I want to write a DCG predicate that will accept an alphabetic label, a space, a pseudolabel that may contain spaces or letters, another space, and another alphabetic label, and finally a period, like this:
label_madness --> label(Table1), " ", label_with_spaces(Rel), " ", label(Table2), ".".
Here's the code for labels:
label(A) --> letters(S), {string_to_atom(S, A)}, !.
label_with_spaces(A) --> letters_or_spaces(S), {string_to_atom(S, A)}, !.
letters([C|D]) --> letter(C), letters(D), !.
letters([C]) --> letter(C), !.
letters_or_spaces([C|D]) --> letter(C), letters_or_spaces(D), !.
letters_or_spaces([C|D]) --> spacehyphen(C), letters_or_spaces(D), !.
letters_or_spaces([C]) --> letter(C), !.
letters_or_spaces([C]) --> spacehyphen(C), !.
letter(C) --> [C], {"a"=<C, C=<"z"}, !.
letter(C) --> [C], {"A"=<C, C=<"Z"}, !.
spacehyphen(E) --> " ", {from_list("-", E)}, !. % spaces are replaced with hyphens in the pseudolabel
from_list([E], E).
Now when I feed label_madness
a string like "Alice is responsible for Bob."
, it fails. For mysterious reasons trace
refuses to work, but I assume it fails because DCG matches the whole is responsible for Bob
for Rel
. I tried with a nonspace separators between the labels and it works fine.

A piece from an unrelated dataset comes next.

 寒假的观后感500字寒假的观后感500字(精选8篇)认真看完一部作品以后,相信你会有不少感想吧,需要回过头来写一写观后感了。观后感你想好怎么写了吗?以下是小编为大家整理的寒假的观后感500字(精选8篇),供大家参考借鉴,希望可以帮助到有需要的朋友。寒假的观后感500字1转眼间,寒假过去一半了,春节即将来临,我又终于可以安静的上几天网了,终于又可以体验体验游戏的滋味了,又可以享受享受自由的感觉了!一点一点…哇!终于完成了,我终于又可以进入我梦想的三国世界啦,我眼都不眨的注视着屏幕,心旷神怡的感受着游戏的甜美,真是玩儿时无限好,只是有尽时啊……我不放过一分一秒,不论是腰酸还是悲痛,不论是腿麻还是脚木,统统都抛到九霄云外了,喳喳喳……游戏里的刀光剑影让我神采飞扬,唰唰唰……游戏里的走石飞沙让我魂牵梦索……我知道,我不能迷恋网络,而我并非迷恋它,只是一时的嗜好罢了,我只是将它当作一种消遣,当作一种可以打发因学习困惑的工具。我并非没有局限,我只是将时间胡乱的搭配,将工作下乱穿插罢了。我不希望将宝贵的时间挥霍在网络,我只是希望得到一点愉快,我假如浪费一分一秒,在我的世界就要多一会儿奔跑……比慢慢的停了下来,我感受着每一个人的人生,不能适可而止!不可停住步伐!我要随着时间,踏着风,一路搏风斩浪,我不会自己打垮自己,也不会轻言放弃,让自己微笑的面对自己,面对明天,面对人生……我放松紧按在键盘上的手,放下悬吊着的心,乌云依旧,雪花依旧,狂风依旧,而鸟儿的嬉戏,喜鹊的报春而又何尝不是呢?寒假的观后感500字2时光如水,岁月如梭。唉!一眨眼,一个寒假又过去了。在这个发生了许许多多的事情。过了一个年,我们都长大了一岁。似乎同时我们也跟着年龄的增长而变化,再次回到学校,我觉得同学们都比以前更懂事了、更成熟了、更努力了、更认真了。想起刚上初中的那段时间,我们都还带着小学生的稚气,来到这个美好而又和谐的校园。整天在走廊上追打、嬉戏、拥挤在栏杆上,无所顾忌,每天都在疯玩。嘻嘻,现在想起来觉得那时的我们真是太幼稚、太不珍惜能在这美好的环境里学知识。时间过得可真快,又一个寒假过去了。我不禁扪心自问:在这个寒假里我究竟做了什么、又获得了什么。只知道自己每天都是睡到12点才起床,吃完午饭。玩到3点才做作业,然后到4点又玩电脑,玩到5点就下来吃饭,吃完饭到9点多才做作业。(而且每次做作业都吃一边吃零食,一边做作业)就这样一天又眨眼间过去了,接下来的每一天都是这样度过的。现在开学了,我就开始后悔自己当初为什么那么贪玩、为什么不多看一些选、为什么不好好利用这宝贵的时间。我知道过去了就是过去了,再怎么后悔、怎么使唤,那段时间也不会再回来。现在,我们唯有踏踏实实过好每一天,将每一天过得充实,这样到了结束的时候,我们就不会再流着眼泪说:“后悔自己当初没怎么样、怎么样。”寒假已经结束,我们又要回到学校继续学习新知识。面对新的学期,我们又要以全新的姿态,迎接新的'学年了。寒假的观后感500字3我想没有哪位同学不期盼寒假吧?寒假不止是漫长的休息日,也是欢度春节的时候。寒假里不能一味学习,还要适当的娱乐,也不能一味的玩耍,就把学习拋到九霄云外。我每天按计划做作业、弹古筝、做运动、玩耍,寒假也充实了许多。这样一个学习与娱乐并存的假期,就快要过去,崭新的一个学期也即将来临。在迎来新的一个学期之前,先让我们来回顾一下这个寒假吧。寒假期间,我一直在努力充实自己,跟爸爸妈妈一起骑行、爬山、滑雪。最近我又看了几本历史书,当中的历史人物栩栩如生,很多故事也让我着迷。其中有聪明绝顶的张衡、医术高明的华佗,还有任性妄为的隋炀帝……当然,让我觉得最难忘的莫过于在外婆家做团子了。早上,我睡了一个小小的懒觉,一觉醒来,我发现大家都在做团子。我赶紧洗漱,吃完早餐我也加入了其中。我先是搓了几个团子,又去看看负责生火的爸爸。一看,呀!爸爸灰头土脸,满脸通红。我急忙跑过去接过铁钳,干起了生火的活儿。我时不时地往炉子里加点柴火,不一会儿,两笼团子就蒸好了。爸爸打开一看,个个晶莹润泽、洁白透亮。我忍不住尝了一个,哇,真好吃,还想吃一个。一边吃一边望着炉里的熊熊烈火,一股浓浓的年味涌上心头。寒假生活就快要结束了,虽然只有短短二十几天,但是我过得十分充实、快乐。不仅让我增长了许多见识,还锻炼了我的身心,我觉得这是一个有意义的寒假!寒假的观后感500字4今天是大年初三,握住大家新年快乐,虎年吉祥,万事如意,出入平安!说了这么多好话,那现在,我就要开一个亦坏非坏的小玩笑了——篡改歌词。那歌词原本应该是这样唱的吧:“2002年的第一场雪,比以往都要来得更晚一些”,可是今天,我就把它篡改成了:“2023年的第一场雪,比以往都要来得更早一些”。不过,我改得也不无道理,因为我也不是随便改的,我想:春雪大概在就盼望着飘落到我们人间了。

How should I rewrite the label_with_spaces
predicate to only consume as much input as required?
The problem in your solution is that you are commiting the parse before time (using the cut, !) When you parse letters_or_spaces you really don't know how much input to process, because you have to parse until the second to last label (within spaces).
So, you should let the prolog engine backtrack in that predicate to allow the selection of the right phrase in letters_or_spaces. Something like (just showing the changes to your code, that is removing the cut from some predicate clauses):
label(A) --> letters(S), {string_to_atom(S, A)}.
label_with_spaces(A) --> letters_or_spaces(S), {string_to_atom(S, A)}.
letters_or_spaces([C|D]) --> letter(C), letters_or_spaces(D).
letters_or_spaces([C|D]) --> spacehyphen(C), letters_or_spaces(D).
letters_or_spaces([C]) --> letter(C).
letters_or_spaces([C]) --> spacehyphen(C).
You might as well change your parser a bit and instead of using backtracking just parse until the period in letters_or_spaces and then split the last label from it.